---- Material provided

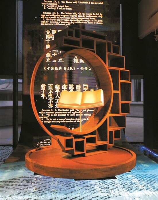 位于文沁阁负一楼的“千秋写印 华夏有章——中华版本概览”展区,以“穿越数千年的版本变形记”为展陈概念,在每一展览板块提取该时期代表性的中华版本形态为元素,从甲骨、竹帛、纸书到多元的数字化媒体,风格从厚重走向现代科技,全过程、全景式呈现出一幅生动的中华版本发展概览图卷。
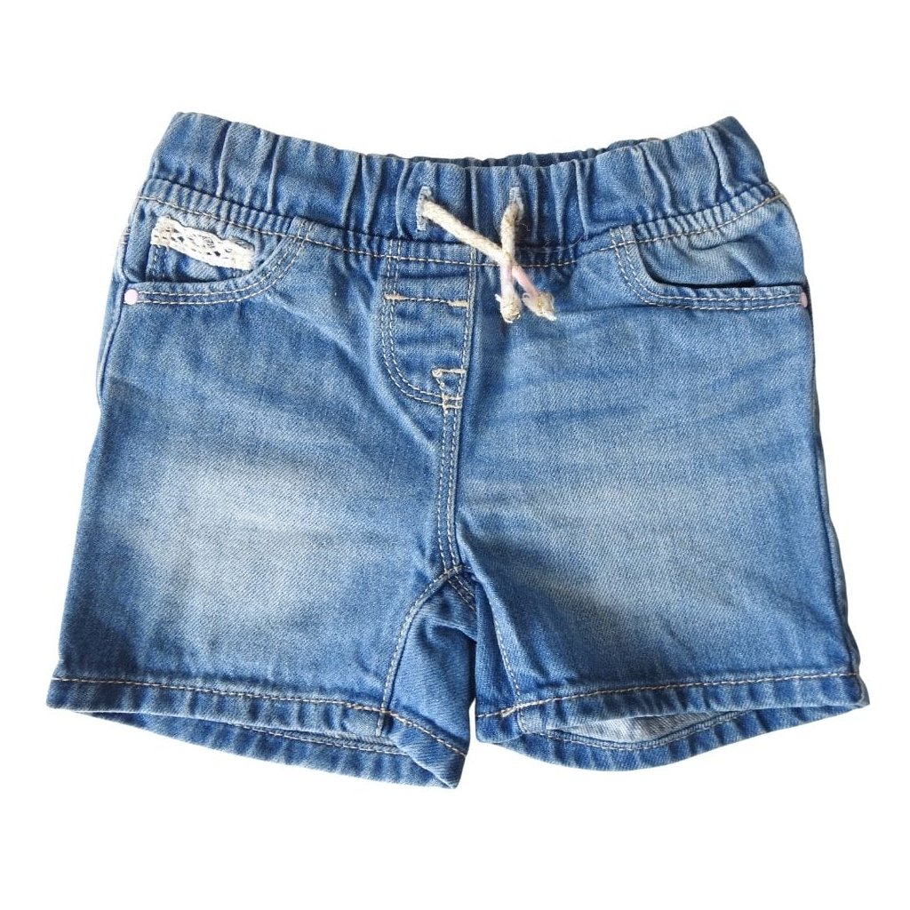 Kék, koptatott stílusú, gumis derekú pamut, farmer rövidnadrág megkötővel, csipkés részlettel.
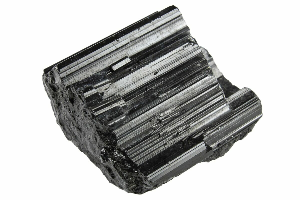 Schorl, also known as "black tourmaline" or "black schorl", is a black form of tourmaline that often occurs as lustrous prismatic crystals. The crystals can be stubby or elongated and typically feature lengthwise striations. Many schorl crystals have flattened pyramidal terminations. They can also form in radiating, columnar, and stalactitic aggregations, as well as small, needle-like inclusions within quartz (tourmalinated quartz) and in massive form.

--------

## Your assignment
Without the pictures, repeat the listing word for word.

## Solution to the problem
 位于文沁阁负一楼的“千秋写印 华夏有章——中华版本概览”展区,以“穿越数千年的版本变形记”为展陈概念,在每一展览板块提取该时期代表性的中华版本形态为元素,从甲骨、竹帛、纸书到多元的数字化媒体,风格从厚重走向现代科技,全过程、全景式呈现出一幅生动的中华版本发展概览图卷。
 Kék, koptatott stílusú, gumis derekú pamut, farmer rövidnadrág megkötővel, csipkés részlettel.
 Schorl, also known as "black tourmaline" or "black schorl", is a black form of tourmaline that often occurs as lustrous prismatic crystals. The crystals can be stubby or elongated and typically feature lengthwise striations. Many schorl crystals have flattened pyramidal terminations. They can also form in radiating, columnar, and stalactitic aggregations, as well as small, needle-like inclusions within quartz (tourmalinated quartz) and in massive form.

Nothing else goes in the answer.